### Assignment
Each record below is to be retyped exactly, with its pictures omitted.

### Records supplied
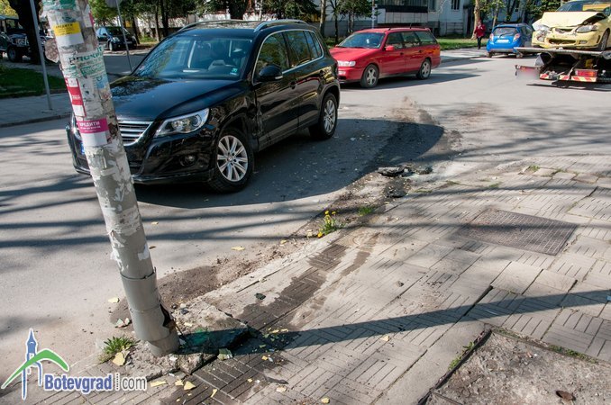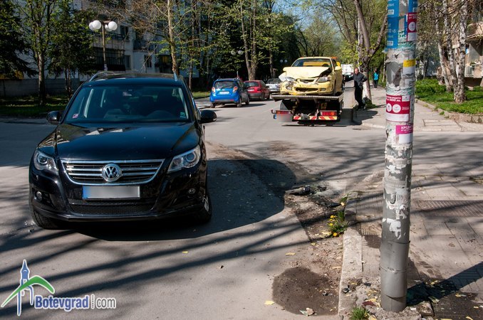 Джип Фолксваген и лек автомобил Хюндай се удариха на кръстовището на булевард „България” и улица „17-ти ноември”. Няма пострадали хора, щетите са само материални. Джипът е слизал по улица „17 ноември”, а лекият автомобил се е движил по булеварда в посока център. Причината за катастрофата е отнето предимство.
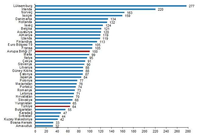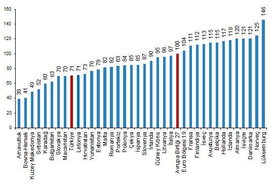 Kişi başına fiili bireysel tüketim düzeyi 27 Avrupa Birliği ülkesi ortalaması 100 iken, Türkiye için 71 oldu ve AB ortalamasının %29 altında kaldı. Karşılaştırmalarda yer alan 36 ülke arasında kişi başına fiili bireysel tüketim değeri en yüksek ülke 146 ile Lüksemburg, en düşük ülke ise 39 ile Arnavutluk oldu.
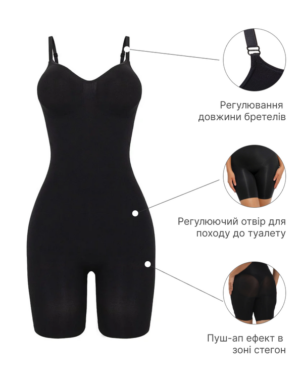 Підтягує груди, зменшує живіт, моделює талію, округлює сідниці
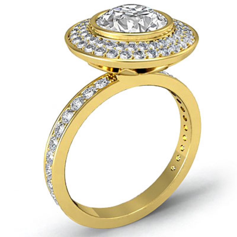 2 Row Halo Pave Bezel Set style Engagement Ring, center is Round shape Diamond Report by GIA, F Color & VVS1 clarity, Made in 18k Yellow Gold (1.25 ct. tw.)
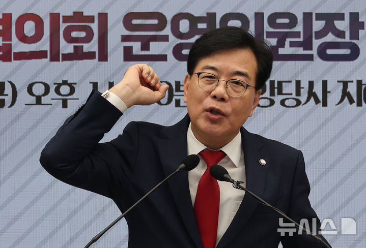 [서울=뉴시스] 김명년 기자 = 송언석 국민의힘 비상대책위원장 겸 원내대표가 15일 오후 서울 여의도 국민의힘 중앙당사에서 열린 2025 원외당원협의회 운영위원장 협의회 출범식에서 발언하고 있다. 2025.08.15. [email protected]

### Response area
 Джип Фолксваген и лек автомобил Хюндай се удариха на кръстовището на булевард „България” и улица „17-ти ноември”. Няма пострадали хора, щетите са само материални. Джипът е слизал по улица „17 ноември”, а лекият автомобил се е движил по булеварда в посока център. Причината за катастрофата е отнето предимство.
 Kişi başına fiili bireysel tüketim düzeyi 27 Avrupa Birliği ülkesi ortalaması 100 iken, Türkiye için 71 oldu ve AB ortalamasının %29 altında kaldı. Karşılaştırmalarda yer alan 36 ülke arasında kişi başına fiili bireysel tüketim değeri en yüksek ülke 146 ile Lüksemburg, en düşük ülke ise 39 ile Arnavutluk oldu.
 Підтягує груди, зменшує живіт, моделює талію, округлює сідниці
 2 Row Halo Pave Bezel Set style Engagement Ring, center is Round shape Diamond Report by GIA, F Color & VVS1 clarity, Made in 18k Yellow Gold (1.25 ct. tw.)
 [서울=뉴시스] 김명년 기자 = 송언석 국민의힘 비상대책위원장 겸 원내대표가 15일 오후 서울 여의도 국민의힘 중앙당사에서 열린 2025 원외당원협의회 운영위원장 협의회 출범식에서 발언하고 있다. 2025.08.15. [email protected]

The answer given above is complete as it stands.